There is still the prospect of Reserve Bank rate cuts this year, albeit later than previously thought. Photo / Alan Gibson

The housing boom has sent household debt levels through the roof and interest rates are becoming a national obsession.

The Reserve Bank's cash rate calls and any other event or data supporting the case for a move in rates are breathlessly presented as signalling either imminent relief or pain for homebuyers.

While that relationship still exists, it has become increasingly muted. Since the credit crunch began last year, the official cash rate (OCR) has stayed at 8.25 per cent but mortgage rates have continued to move around.

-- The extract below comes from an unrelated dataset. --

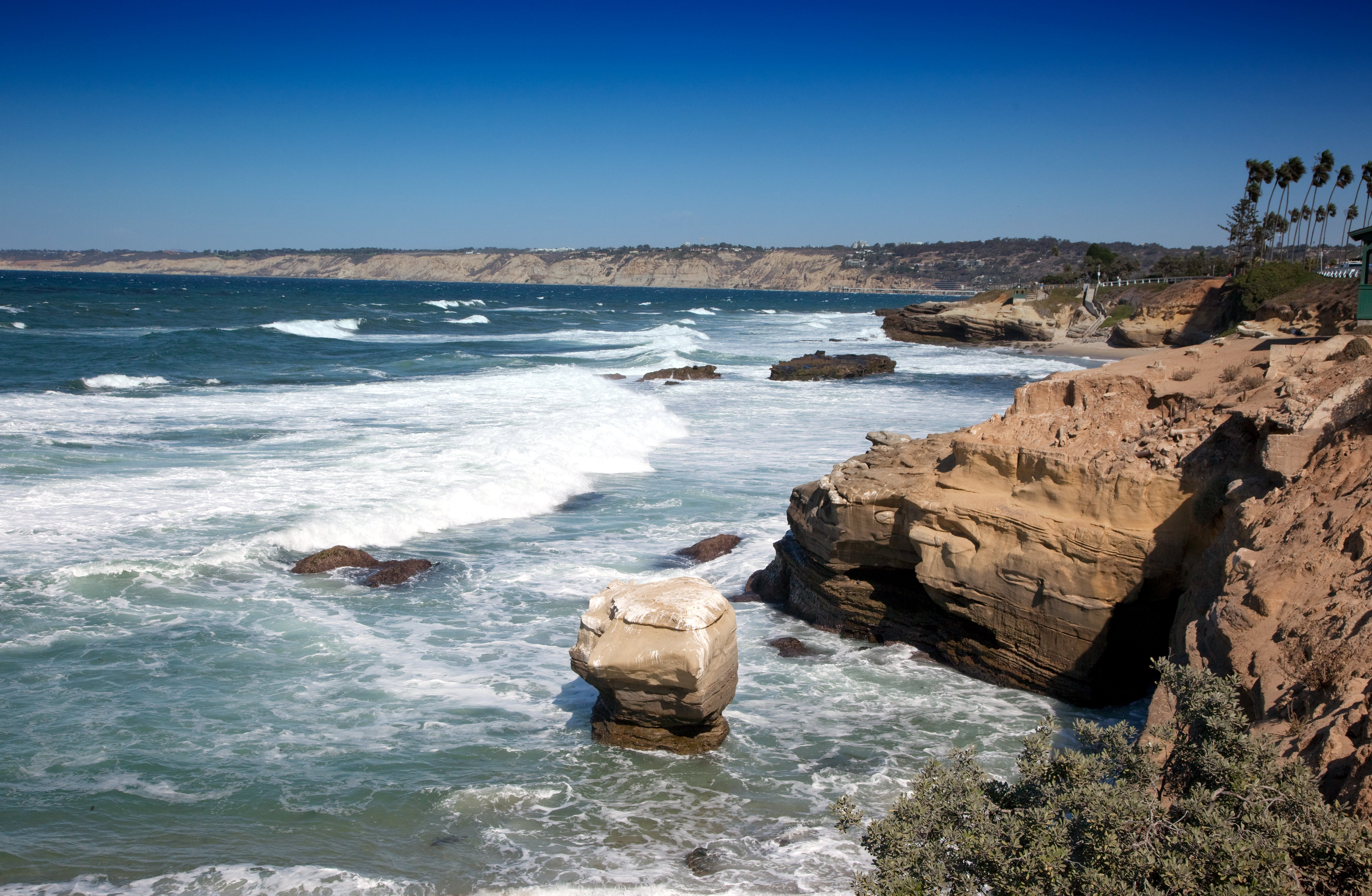 Scenic view of shore, La Jolla, California

New Zealand homebuyers now have an overwhelming preference for fixed-term home loans, which for the majority of the time are cheaper than variable rate mortgages.

This is a frustration for the Reserve Bank and its Governor Alan Bollard as any changes to the official cash rate, to the extent that they are reflected in mortgage rates, only affect households when they come to refinance their mortgage, which is usually every two years. This is the so called "pipeline" effect. Some would argue that given how much more indebted we are, the RBNZ's rate movements are ultimately more effective in influencing the economy, even if they take longer to work.

As the credit crunch rolls on mortgage rates have moved up, which may be ascribed to the pipeline effect, but they have also moved down.

Mortgage rates are clearly not bound by the RBNZ.

The key reason is that given New Zealanders' relatively poor record as savers, most fixed term borrowing is funded via the banks from overseas investors.

The banks, having a fixed rate of interest coming in off their mortgage lending, want a fixed rate going out on their funding. They achieve this via the so-called "cross currency interest rate swaps" market.

Ordinarily it's the rates available to banks on the swaps market plus a small "spread" or additional amount to reflect transaction costs and general market conditions that drives pricing for banks' overseas funding and thus local fixed mortgage rates.

Unfortunately, these are not ordinary times and the spreads have ballooned, but let's look at what drives the swap rates themselves.

BNZ chief economist Tony Alexander says swap rates are still to a large extent driven by the OCR, or more correctly expectations of where the OCR is going.

Mortgage rate increases early this year were to some extent driven by higher rates on the swaps market, in turn resulting from expectations that the RBNZ would again lift the OCR in response to fresh signs of inflation.